Idiopathic pulmonary fibrosis, that is a lung disease in which, has a progressive fibrosing phenotype, but it’s not associated or driven by perhaps an autoimmune process or any other exposure such as environmental exposures or precipitated by any other really features. It’s occurring as it would suggest, idiopathically. So there’s not an underlying driver for the lung disease that can be identified by history. And so it kind of is this group of lung diseases, again that shows as progressive fibrosis. And we don’t have necessarily an underlying cause for it.
Systemic sclerosis with interstitial lung disease can be somewhat, it can change by definition. So, if we’re looking strictly at whether there’s interstitial lung disease by high resolution CT, we can actually see that there may be some bibasilar interstitial changes on high res CT in about 65 to 90 percent of patients, depending on the subset of patients that we’re looking at. However, not all interstitial lung disease is going to progress to causing physiologic changes. So there are patients that we can see a little bit of bibasilar interstitial fibrosis, but we may not see any changes on pulmonary function testing. So, on pulmonary function testing, this is really helping us understand what physiologic lung changes are being caused by the actual fibrosis itself.

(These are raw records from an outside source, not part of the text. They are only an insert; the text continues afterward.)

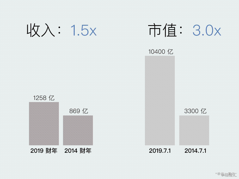 因为萨提亚·纳德拉 2014 年 2 月出任微软 CEO,所以对比微软 2014 财年和 2019 财年的数据(注:2014 财年对应自然时间是 2013Q3 ~2014Q2,以此类推),微软的年收入从 869 亿美元,增长到 1258 亿美元,是之前的 1.5 倍左右。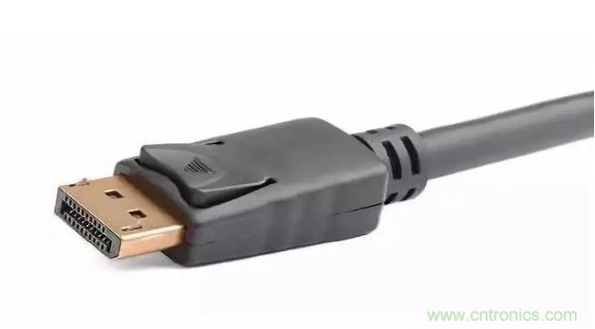 上面介紹的HDMI是AV家電企業主導開發的接口,PC企業需要支付昂貴的技術使用費。2006年5月,VESA(Video Electronics Standards Association,視頻電子標準協會)制定了主要用于電腦顯示器的“DisplayPort(簡稱DP)”數字接口標準。DP以數字模式傳輸視頻和音頻信號,在這一點上與HDMI相似。DP的優點是作為PC顯示器專用接口,多顯示器輸出功能優秀,無需額外支付技術使用費。從形狀來看,HDMI和DP的尺寸相差無幾,兩者在插拔方式上的區別在于,DP線拔插過程中需按下固定鉤按鈕才能拔出來,以避免掉線。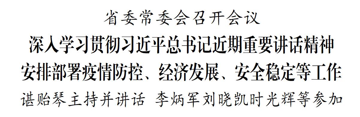 会议强调,全省各地各部门要保持定力、坚定信心,切实担当作为,以更大力度高效统筹疫情防控和经济社会发展,采取有力举措恢复经济,全力稳住经济大盘。要分区分级、科学有序推动复工复产,在确保防疫安全的前提下,加快重点行业、重点产业、重点项目复工复产进度。要着力保障重点产业链供应链稳定,加快打通物流保畅、原材料供应和员工返岗等堵点,确保员工回得来、原料供得上、产品出得去。要充分发挥有效投资的关键作用,谋划储备更多高质量项目,加快推动实施一批新的重大项目,强化资金要素保障,坚决稳住投资基本盘。要切实帮助市场主体纾困解难,各级领导干部要带头服务项目、服务企业,用好“政策找企业、企业找政策”机制,推动助企纾困各项政策措施落地落实。要全力解决民生难题,切实抓好群众就业、基本生活保障等工作。
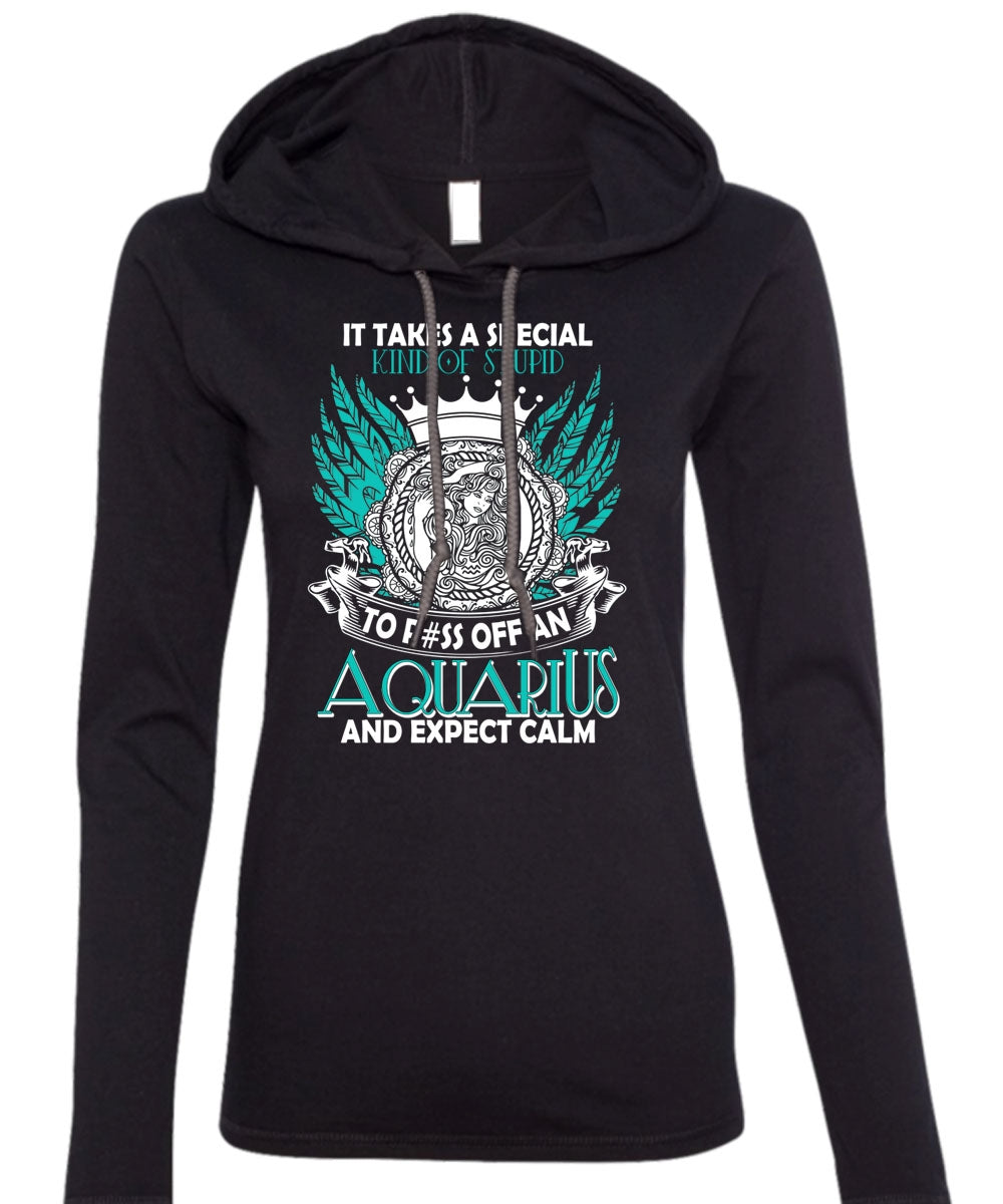 Aquarius And Expect Calm T Shirt, Kind Of Stupid T Shirt (Anvil Ladies Ringspun Hooded)

Lisa H. Lancaster, MD: Pulmonologists are key and central figures in the management and diagnosis of interstitial lung disease. Other key players in the diagnosis and ultimate team players in the management are primary care physicians because they may be the first ones to actually pick up the diagnosis, find the interstitial lung disease, and coordinate the care with the local pulmonologists, or interstitial lung disease center.

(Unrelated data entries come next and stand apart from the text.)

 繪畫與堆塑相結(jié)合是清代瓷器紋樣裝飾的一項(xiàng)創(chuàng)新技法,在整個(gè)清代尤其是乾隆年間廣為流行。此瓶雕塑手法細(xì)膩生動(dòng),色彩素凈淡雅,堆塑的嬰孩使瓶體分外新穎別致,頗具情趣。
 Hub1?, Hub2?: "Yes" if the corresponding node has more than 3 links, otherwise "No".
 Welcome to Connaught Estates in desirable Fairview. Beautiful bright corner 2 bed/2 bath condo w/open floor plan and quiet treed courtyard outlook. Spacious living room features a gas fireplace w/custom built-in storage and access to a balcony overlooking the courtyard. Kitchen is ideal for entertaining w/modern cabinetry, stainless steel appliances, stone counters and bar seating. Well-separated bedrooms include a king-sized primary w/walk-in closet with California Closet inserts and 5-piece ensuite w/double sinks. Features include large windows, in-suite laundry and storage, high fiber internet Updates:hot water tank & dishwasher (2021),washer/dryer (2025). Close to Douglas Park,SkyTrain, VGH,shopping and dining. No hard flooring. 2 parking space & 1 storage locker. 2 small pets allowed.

Alicia M. Hinze, MD: In patients with interstitial lung disease that are coming for, perhaps this is their initial evaluation, rheumatologists will see these patients often in the context of either 1) a question of whether they might have an autoimmune disease underlying the interstitial lung disease. Sometimes they will come in in the setting of having some positive autoantibodies and the rheumatologist is again asked to determine whether there may be an underlying autoimmune disease that may be driving some of the interstitial lung disease process. This is particularly important as there are some patients that may have a pattern of disease that we call nonspecific interstitial pneumonitis. And these patients, if it’s in the context of an autoimmune disease, may respond to immunosuppressant therapies.